Module 5: Drama
1. Henrik Ibsen: The Wild Duck #
The following example is a fragment (the front matter, and pages 102 to 105, belonging to the fifth act) of Henrik Ibsen’s play The Wild Duck, encoded and made available by the University of Virginia Library, for their Text Collection.
The text of the play is preceded by front matter, consisting of a title page, and a table of contents.
The body of the play (<body>) consists of 5 acts, in which no further scenes are discerned. Acts are encoded in <div1> elements, with an "act" value for their @type attributes. The first act is preceded by a character list, encoded in a separate <div1> element, of @type "section". This character list is transcribed as part of the text’s body, in the form of a simple <list>, with role names and descriptions as plain text inside <item> elements. Inside the same <div1> element, the cast list is followed by two paragraphs (<p>). As descriptions of global aspects of the play’s settings, they could have been wrapped in a more expressive <set> element, were they transcribed as part of the text’s <front> part (<set> is only allowed as a child element of <front>). Inside the acts, each speech is marked with <sp>, indicating the speaker as it occurs in the source (<speaker>), without formal reference to the character’s “definition” in the cast list. This link could be provided with a @who attribute on <sp>.

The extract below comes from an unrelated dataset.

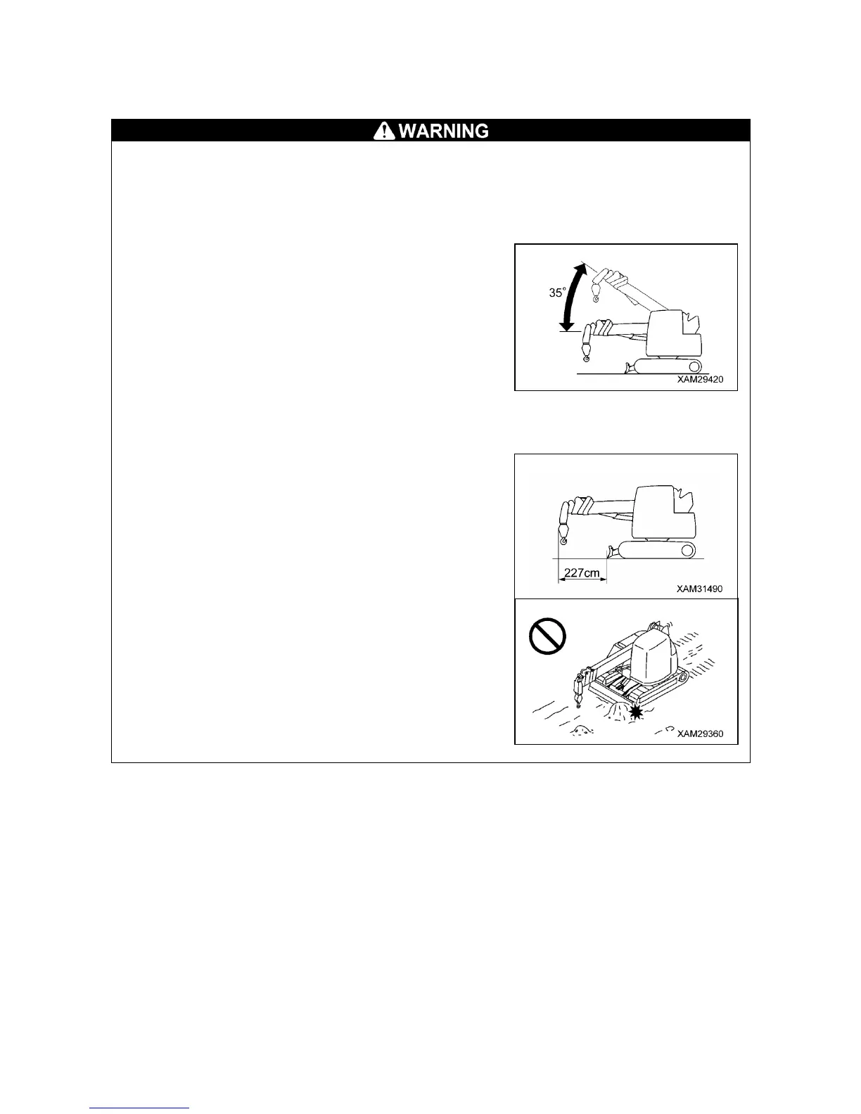 • Avoid ground leveling operations at the same time as hoisting operations. Otherwise, it may

Stage instructions are encoded inside <stage>. The speeches are encoded as prose paragraphs (<p>). Notice, however, how this encoding makes abstraction of physical lines: these are explicitly encoded using the <lb> element.

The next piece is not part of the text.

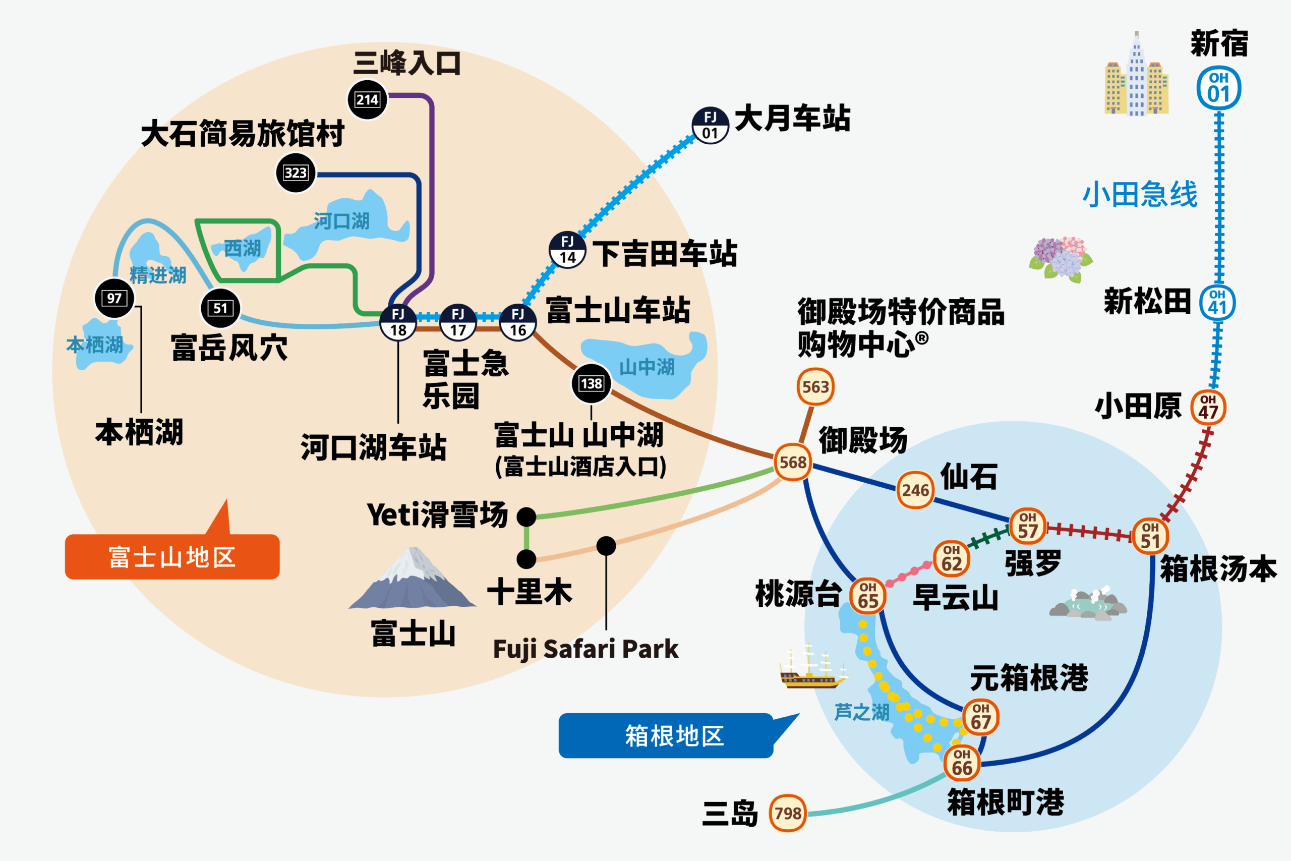 为期3天2晚的行程安排,将带您使用富士箱根通票畅游箱根和富士山周边地区。

Besides the regular drama elements, this fragment also contains one footnote, which is transcribed as:
right before the corresponding page break (<pb>). From this encoding it is not clear, however, whether this is a transcribed authorial annotation, or an annotation made by the editor; the @resp attribute could have avoided this confusion. Moreover, as it apparently concerns a translation, the contents of the note could have been encoded more semantically as a <term> - <gloss> pair. The note indicator in the running text is encoded as <ref target="#note5">*</ref> where it occurs in the text.
2. Christopher Marlowe: The Tragedie of Doctor Faustus (B text) #
The following example is a fragment (the front matter, scene 2 of the first act, and back matter) of Christopher Marlowe’s The Tragedie of Doctor Faustus (B text), encoded and made available by the Perseus Digital Library.

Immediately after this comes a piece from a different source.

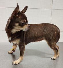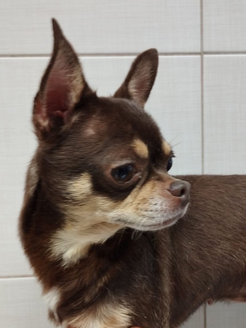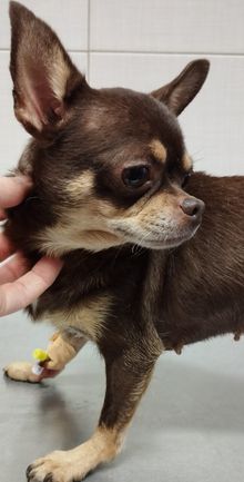 Die hübsche Chihuahuahündin Ibis wurde, zusammen mit mehreren Artgenossen, aus der Zucht entlassen und fand zum Glück gleich einen Platz auf einem Tierschutzhof in Ungarn.

The text of the play is preceded by front matter, consisting of a character list, and a prologue. The character list is encoded as a <castList> structure within a <div> container in the <front> part. The cast list mainly consists of loose descriptions of the roles’ names (<role>) per character (<castItem>); some have a role description in <roleDesc>. The “Sins” are grouped in a labeled <castGroup> element; another <castGroup> groups Charles, Darius, and Alexander without explicit label. The cast list is concluded by a list of minor characters, grouped in a <castItem type="list"> element, which overrides the default value of "role" for the @type attribute on <castList>. The front matter is concluded with a prologue (<prologue>) consisting of a speech (<sp>) of 28 lines (<l>) spoken by the Chorus, as indicated by the @who attribute on <sp>, which refers to the ID code of the Chorus <role> in the cast list.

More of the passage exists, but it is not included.